Author: Ophelia Benson

  • ‘There are Some Problems Here’

    Average literacy of college educated Americans declined significantly from 1992 to 2003.

  • More Dover

    It’s hard to tear oneself away from The Panda’s Thumb today. They are having one hell of a party over there. And writing one great post after another while they’re at it.

    One on our friend Steve Fuller for example.

    Professor of Sociology Steven Fuller may not know much about the history or content of science (see his recent confusion — just like Linus Pauling’s! — between protein and DNA at Micheal Berube’s blog) but he is good the kind of jargoneering that the Discovery Institute and its allies use to confuse the public about science…Fuller proved to be quite compliant generally, but Judge Jones seems not to to have heard his pleas to institute in Dover a kind of affirmative action program for ID. Instead, it was the repeated acknowledgement that Intelligent Design is, in fact, creationism, that Judge Jones took away as the salient point of Fuller’s testimony…What the TMLC failed to appreciate when they booked Fuller as a witness was that he doesn’t believe in any kind of science. In the pomo view, science is all about social relationships and power dynamics. Whatever privileged role science has in society is fraudulantly obtained. Scientific authority is a sham…Calling an expert witness who doesn’t believe in science to a trial about an idea’s scientific status was probably a mistake. Certainly, Steven Fuller wins second place (behind Michael Behe) in the race for the title of “Best Defense Witness for the Prosecution.”

    Pretty funny!

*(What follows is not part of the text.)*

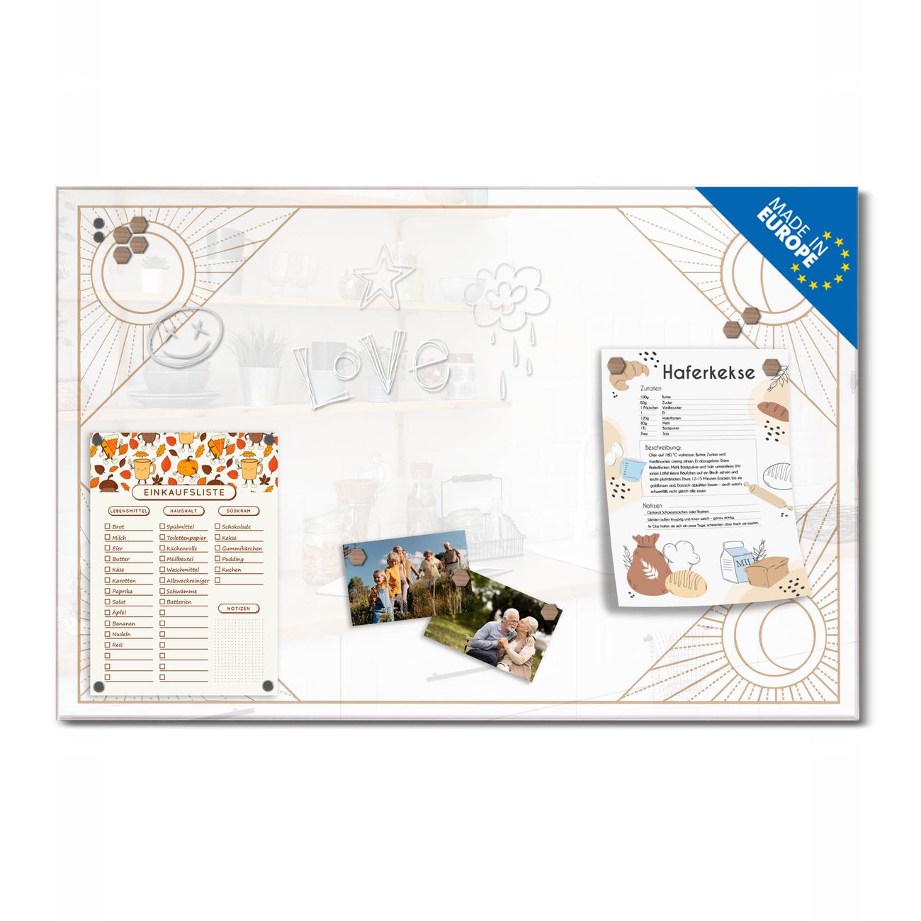 Auf der glatten Glasoberfläche lassen sich Termine, Rezepte oder Notizen ganz einfach mit Kreidestiften festhalten und rückstandslos entfernen. Starke Neodym-Magnete halten Ihre wichtigsten Erinnerungen sicher an Ort und Stelle. So entsteht Ihre ganz persönliche Ideenwand - jeden Tag neu.

Also satisfying – especially after the display of condescension mixed with confusion he gave at Michael’s.

    And Tim Sandefur does a great one on the judge’s reasoning, full of interesting stuff.

    In summary, the disclaimer singles out the theory of evolution for special treatment, misrepresents its status in the scientific community, presents students with a religious alternative masquerading as a scientific theory, directs them to consult a creationist text as though it were a science resource, and instructs students to forego scientific inquiry in the public school classroom and instead to seek out religious instruction elsewhere. Furthermore…introducing ID necessarily invites religion into the science classroom as it sets up what will be perceived by students as a “God-friendly” science, the one that explicitly mentions an intelligent designer, and that the “other science,” evolution, takes no position on religion…. [A] false duality is produced: It “tells students…quite explicitly, choose God on the side of intelligent design or choose atheism on the side of science.” Introducing such a religious conflict into the classroom…forces students to “choose between God and science,” not a choice that schools should be forcing on them.

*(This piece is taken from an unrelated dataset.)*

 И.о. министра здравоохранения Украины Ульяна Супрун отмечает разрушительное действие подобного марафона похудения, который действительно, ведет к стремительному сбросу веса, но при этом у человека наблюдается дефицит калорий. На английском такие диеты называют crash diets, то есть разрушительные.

    This could turn into something of an education in science and epistemology for a lot of people.

    Avoiding magical explanations is “a ‘ground rule’ of science,” which some call “‘methodological naturalism,’ and is sometimes known as the scientific method.” (at 65). This approach is not arbitrary. It is based on the demands of epistemology as well as the proven superiority of this approach in producing usable results. “[O]nce you attribute a cause to an untestable supernatural force, a proposition that cannot be disproven, there is no reason to continue seeking natural explanations as we have our answer.” (at 66). ID proponents, Judge Jones notes, (and we might mention Beckwith by name here) are trying “to change the ground rules of science to allow supernatural causation of the natural world” to factor into the analysis. (at 67) But this approach would “embrace astrology,” (at 68), among other things. And, in any case, the fact that ID proponents seek “to ‘defeat scientific materialism,’” and “‘replace materialistic explanations with the theistic understanding that nature and human beings are created by God,’” (at 68) demonstrates that ID at least cannot qualify as science, whatever “merit” it might have (at 65). Since the current “essential ground rules…limit science to testable, natural explanations,” only changing those rules would allow ID to qualify as science. But “[s]cience cannot be defined differently.” (at 70).

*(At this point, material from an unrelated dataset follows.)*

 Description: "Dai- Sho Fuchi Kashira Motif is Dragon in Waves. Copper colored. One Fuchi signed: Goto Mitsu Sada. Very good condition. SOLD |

    Oh why not. Please? Pleasepleaseplease? Can’t we define science differently just a little bit just for this one time just for awhile if I’m really really good? Can’t we just pretend a little tiny bit that an untestable supernatural force is a good answer can’t we please please?

    The judge is a Republican. Which doesn’t surprise me in the slightest. This has nothing (inherently) to do with left and right, it’s an epistemic issue. Making evidential questions into political ones is a mug’s game.

  • This Legal Maelstrom

    None of this should have happened in the first place, but since it did, at least the judge said what’s what. At least he didn’t do a lot of grovelling and respecting and protected space-providing and beseeching and apologizing. At least he came right out and said that the creationist side lied – and lied repeatedly at that. And since he said it, we can repeat it. A judge said it, in a decision, so no one can accuse us of libel if we say what the judge said. So: they told lies! Repeatedly! And they got caught doing it! Nyah!

    Said the judge: “It is ironic that several of these individuals, who so staunchly and proudly touted their religious convictions in public, would time and again lie to cover their tracks and disguise the real purpose behind the ID Policy.”

    It is, isn’t it. Very ironic. Not at all surprising, since we see the bizarrely truth-avoiding way they characterize atheists and atheism in whingeing article after whingeing article in newspapers and magazines – but very ironic. How satisfying it is for a change to see someone in a position to do something about it, point that out.

    As P Z says at Panda’s Thumb, the judge’s decision is joyful reading for us on the side of science.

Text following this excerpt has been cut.